The number of groups will be O(n * log n). So 10-20 times the number of urls
at most. It's certainly not quadratic.

The groups will in depth-first order. It's slightly complicated by the fact
that the regexes contain capturing groups themselves, but you can precompute
an offset table that accounts for them.

Or give each tree-group a name:

(?<0>(?<00>(?<000>a)|(?<001>b))|(?<01>(?<010>c)|(?<011>d))) |
(?<1>(?<10>(?<100>e)|(?<101>f))|(?<11>(?<110>g)|(?<111>h)))
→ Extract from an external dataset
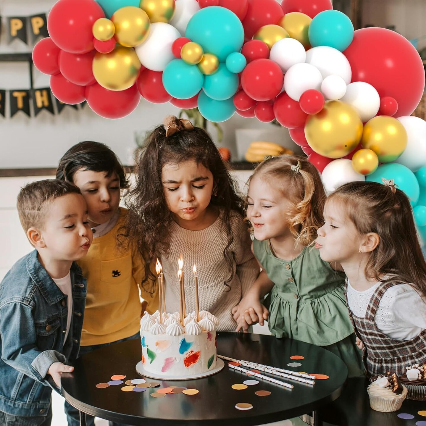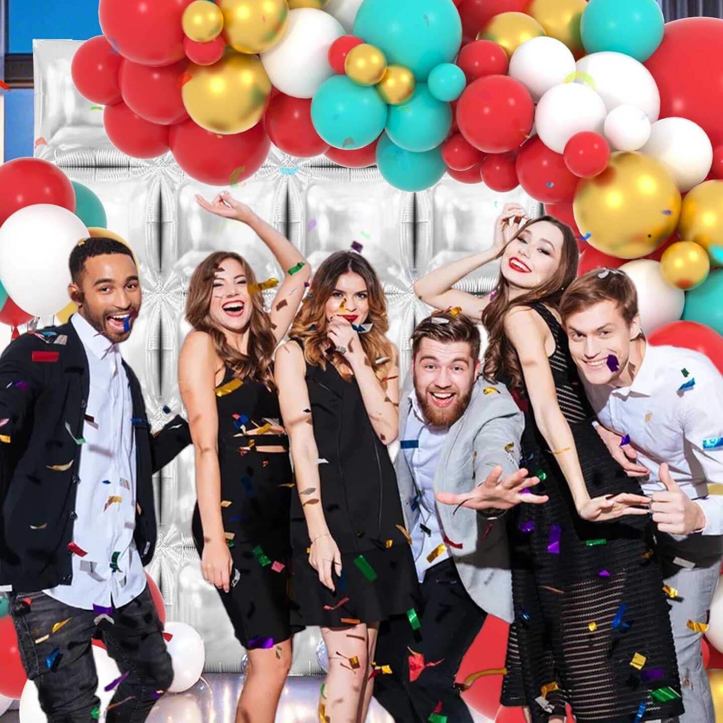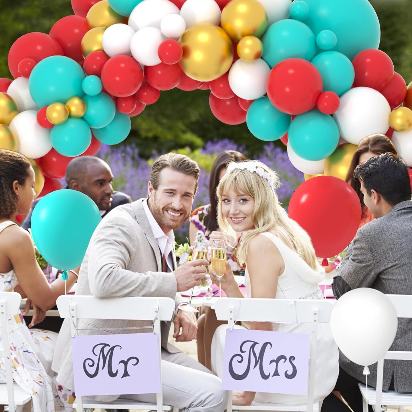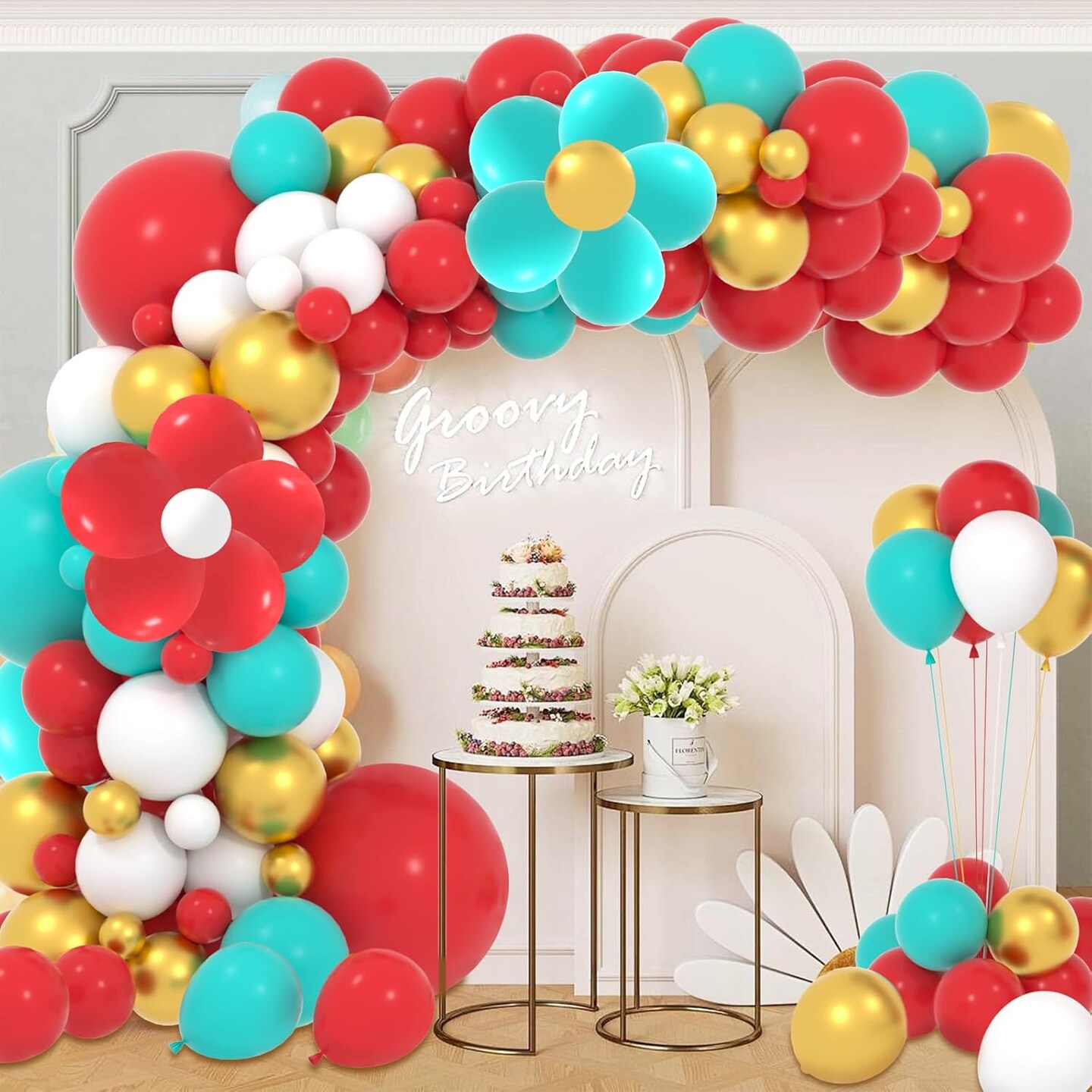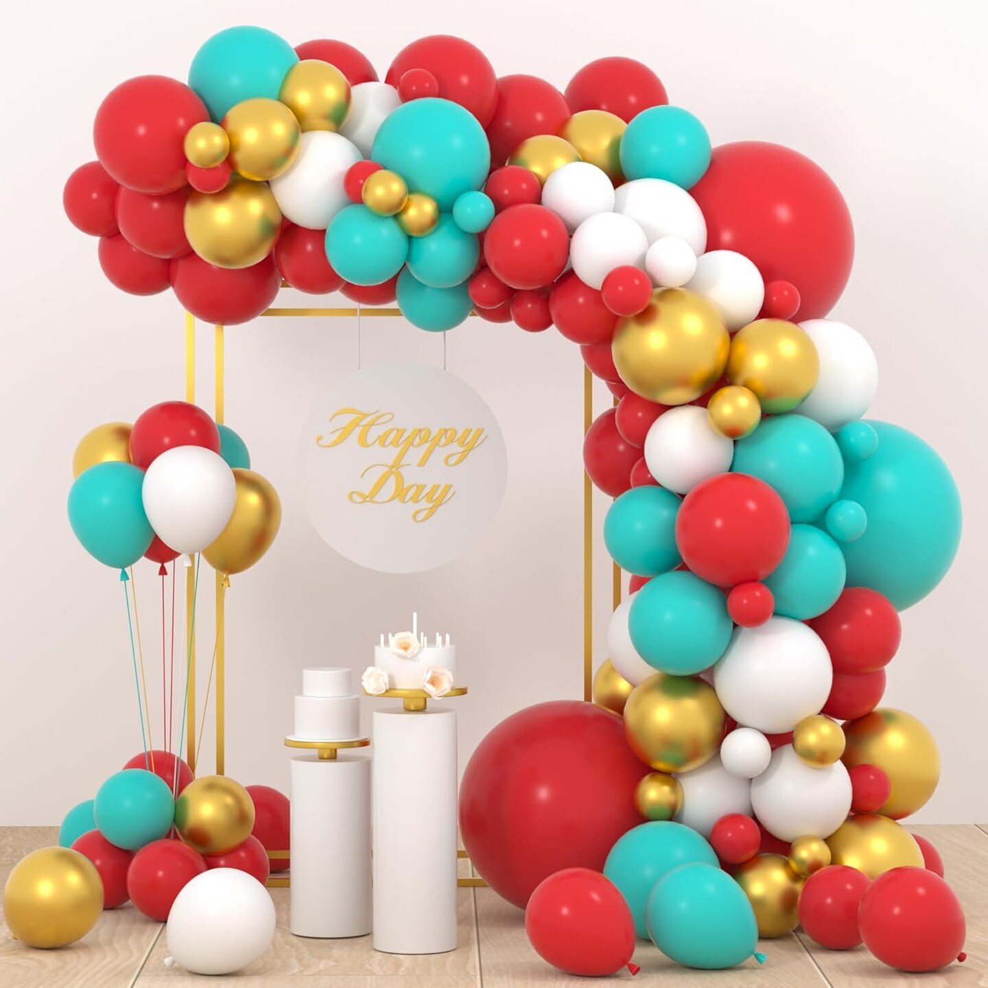 Red Teal Blue White Gold Balloon Garland Arch Kit

If you use names like that, walking the tree is easy. Just concatenate "0" or
"1" to the current node node to find the child nodes. Also, the final matching
group name is a binary number corresponding to matching route's index into the
list of routes. For example, url "e" has the name "100". That's a binary 4,
which is url "e"'s position in the list.

------
jeremymcanally
I built a router like this for Rails back in the 2.3 era. It was ridiculously
fast for small route sets, but as the sets grew, the standard approach was
actually faster. If your route set is small and routing is a bottleneck,
though, this approach might work for you. :)

(I don't know how it would stand up against Journey, the Rails 4 router
business. I imagine it's only gotten faster so there may be next to no gain)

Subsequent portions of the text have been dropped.